Monday, April 15, 2013

Heads Up: Nuts Rain Down Amid Windy Valley Weather

Winds caused almonds to drop to the ground.

 There was a whole lot of shakin’ going on in Valley last week.

If you didn’t look at the calendar you’d bet it was summertime because of all those nuts blanketing the ground. Who needs a tree shaker when you have Mother Nature bellowing out wind gusts that topped out at 39 miles an hour in some parts around here.

Take a look at the photo (above) taken by our almond field scout Jenna Horine. You can see almonds, almonds and more almonds everywhere between the rows of trees.
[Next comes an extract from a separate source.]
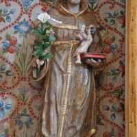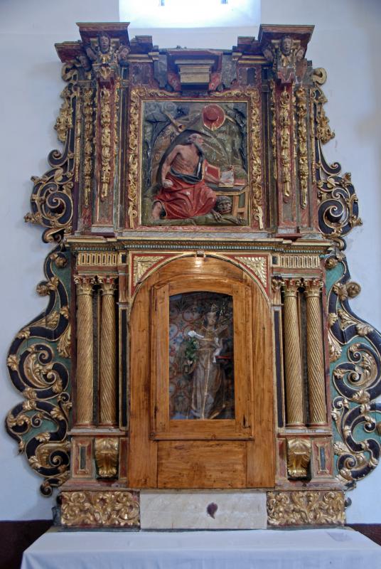 Retablo compuesto de dos cuerpos de dispar factura, el inferior contrarreformista el superior barroco, ensamblados seguramente como partes de un mismo conjunto a fines del siglo XVII. En este último momento se añadiría también el pequeño basamento con rameados vegetales de aspecto carnoso y los aletones con tornapuntas y hojas que pretender dar cierta unicidad a los dos cuerpos. El cuerpo bajo, donde va el titular del retablo consta de dos pares de columnas entorchadas, sustentadas sobre netos y ménsulas, que flanquean una hornacina central. Esta, ha perdido su forma original al modificarse y cerrarse en algún momento relativamente reciente, aunque parece que tuvo forma de arco de medio punto.

Nut-laden branches, wiped by the wind, were banging into each other and causing nuts to fall to the ground. The National Weather Service wind gusts reached 32 mph on Sunday, April 7 and 39 mph the following day.

Older trees and those with tall canopies seemed to experience the most nut drop, Jenna reports.

While the sight of all these nuts on the ground might be cause of alarm, growers tell us they aren’t too worried. Trees always lose a percentage of nuts during the season. Last week’s drop wasn’t considered significant – i.e. – not enough to cut into yields and future revenue.

Indeed, it’s normal for nuts that stop growing to drop before reaching full size in April and May, according to the University of California Almond Production Manual. This drop is “considered a natural thinning process due to competition from many nuts.” Let’s hope the winds don’t do a lot more thinning in the future.

A small percentage of growers still do flood irrigation.
Meanwhile, some farmers are doing flood irrigation to get water deep into the ground.  Yes, there are still some growers flooding their orchards. Most almond growers, however, have converted to micro-sprinklers or drip irrigation. Recent surveys indicate 80 percent of Central Valley almond growers used drip because of its efficiency – watering and fertilizer applications are more precise.
A peach twig borer trap nabs lots of pests.

While the wind made field scouting tough last week, we can say the mites and peach twig borer appear under control in almonds. Some PTB counts were a little high in some orchards, but it isn’t enough to be worrisome.

Around the cotton fields, plantings are in full swing. After this week, most growers should have finished planting this year’s crop. Soon, we’ll be starting the countdown to harvest.

Alfalfa growers are wrapping up their first cutting of the season. The pest counts are low right now. That’s a good sign.

Alfalfa growers are wrapping up the first cut of the season.
Well, it’s safe to say things are starting to heat up for farmers – and Mother Nature, too. Yes, forecasters predict we’ll see our first 90-dgree temperatures of the year by early next week. Pack
the sunscreen, hat and bottles of water.